Exercise description.
Reproduce, word for word, the lines in the material below starting with the one that has "Ciondolo Miss Mary" and going on through the one that has "Oil bottle glass". Leave out all pictures.

Data supplied.
--

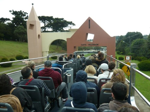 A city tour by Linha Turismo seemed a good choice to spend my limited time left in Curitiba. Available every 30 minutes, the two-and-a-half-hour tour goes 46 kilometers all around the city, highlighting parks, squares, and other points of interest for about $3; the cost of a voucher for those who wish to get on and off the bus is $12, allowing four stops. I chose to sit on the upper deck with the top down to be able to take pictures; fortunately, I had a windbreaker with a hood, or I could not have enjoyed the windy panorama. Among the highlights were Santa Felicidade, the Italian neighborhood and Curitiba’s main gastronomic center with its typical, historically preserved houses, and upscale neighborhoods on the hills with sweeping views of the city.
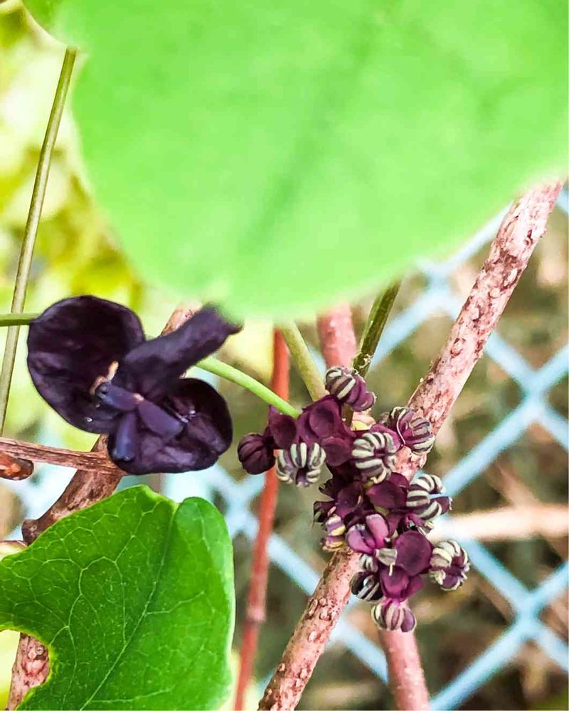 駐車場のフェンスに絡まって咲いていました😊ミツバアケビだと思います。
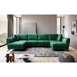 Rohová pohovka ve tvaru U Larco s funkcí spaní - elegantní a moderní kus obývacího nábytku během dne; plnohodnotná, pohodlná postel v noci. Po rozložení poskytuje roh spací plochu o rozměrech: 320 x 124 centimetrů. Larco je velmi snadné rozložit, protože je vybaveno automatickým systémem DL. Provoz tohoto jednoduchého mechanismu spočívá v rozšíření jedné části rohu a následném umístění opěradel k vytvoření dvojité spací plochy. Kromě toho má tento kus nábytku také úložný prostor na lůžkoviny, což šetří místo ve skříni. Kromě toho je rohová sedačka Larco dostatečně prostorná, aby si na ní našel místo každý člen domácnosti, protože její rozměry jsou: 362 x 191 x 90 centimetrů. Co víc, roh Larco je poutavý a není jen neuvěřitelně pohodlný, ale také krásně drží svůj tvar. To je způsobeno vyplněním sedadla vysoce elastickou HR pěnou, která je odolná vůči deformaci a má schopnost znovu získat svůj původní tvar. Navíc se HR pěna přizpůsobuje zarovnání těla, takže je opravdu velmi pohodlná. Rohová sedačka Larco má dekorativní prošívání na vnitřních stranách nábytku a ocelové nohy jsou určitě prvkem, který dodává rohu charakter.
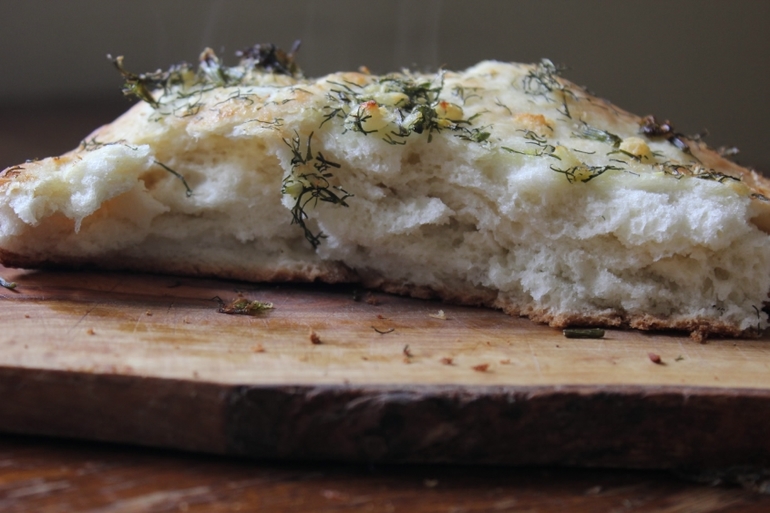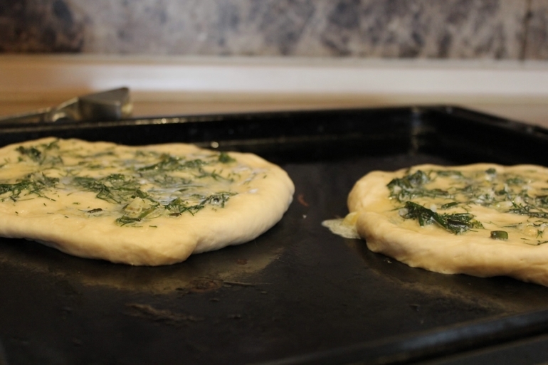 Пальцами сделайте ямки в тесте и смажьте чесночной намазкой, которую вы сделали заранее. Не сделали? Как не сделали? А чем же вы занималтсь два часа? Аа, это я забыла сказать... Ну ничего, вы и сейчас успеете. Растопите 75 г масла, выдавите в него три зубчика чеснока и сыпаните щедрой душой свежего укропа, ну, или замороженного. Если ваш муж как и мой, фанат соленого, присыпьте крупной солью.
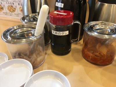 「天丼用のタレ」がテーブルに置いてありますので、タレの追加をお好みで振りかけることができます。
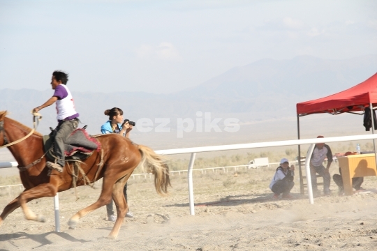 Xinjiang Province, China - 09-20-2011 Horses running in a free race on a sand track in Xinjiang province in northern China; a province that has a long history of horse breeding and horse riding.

--

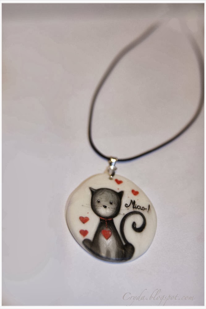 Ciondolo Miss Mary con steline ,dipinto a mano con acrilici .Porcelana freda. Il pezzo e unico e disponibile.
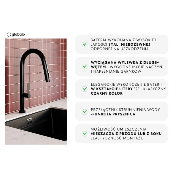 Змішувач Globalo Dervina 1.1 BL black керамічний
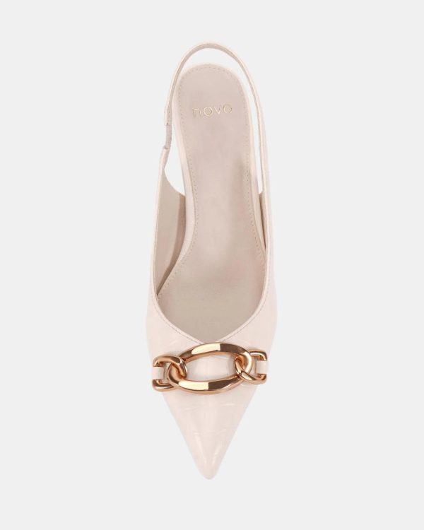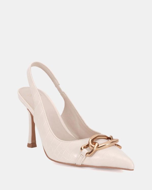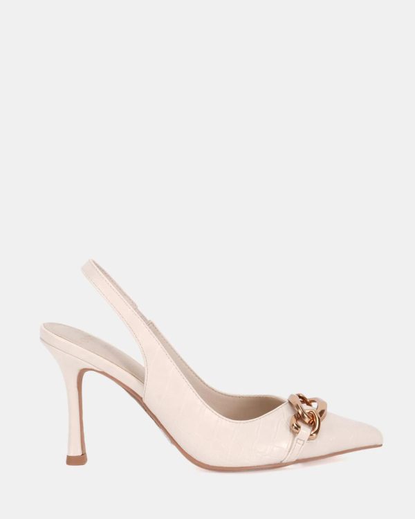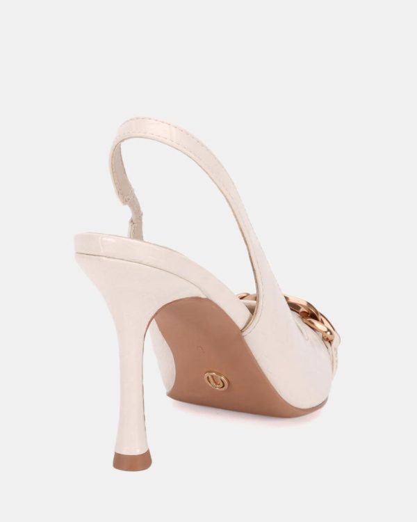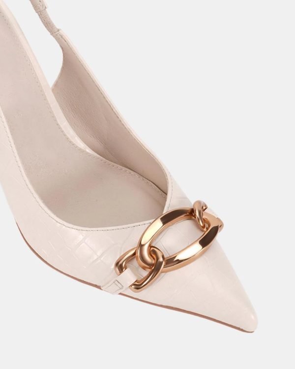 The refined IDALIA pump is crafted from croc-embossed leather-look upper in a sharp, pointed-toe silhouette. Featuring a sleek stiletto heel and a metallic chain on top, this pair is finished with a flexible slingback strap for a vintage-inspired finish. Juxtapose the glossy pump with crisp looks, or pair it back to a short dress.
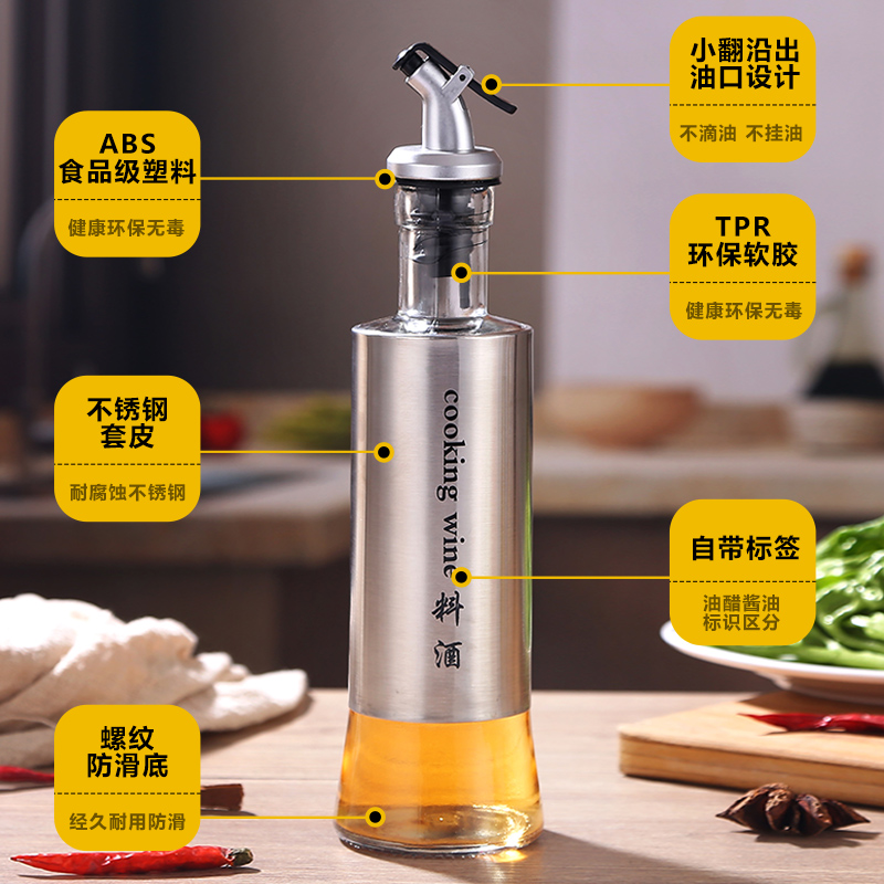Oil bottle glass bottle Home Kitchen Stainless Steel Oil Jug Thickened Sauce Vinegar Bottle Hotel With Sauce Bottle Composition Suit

--

Completed exercise.
 Ciondolo Miss Mary con steline ,dipinto a mano con acrilici .Porcelana freda. Il pezzo e unico e disponibile.
 Змішувач Globalo Dervina 1.1 BL black керамічний
 The refined IDALIA pump is crafted from croc-embossed leather-look upper in a sharp, pointed-toe silhouette. Featuring a sleek stiletto heel and a metallic chain on top, this pair is finished with a flexible slingback strap for a vintage-inspired finish. Juxtapose the glossy pump with crisp looks, or pair it back to a short dress.
Oil bottle glass bottle Home Kitchen Stainless Steel Oil Jug Thickened Sauce Vinegar Bottle Hotel With Sauce Bottle Composition Suit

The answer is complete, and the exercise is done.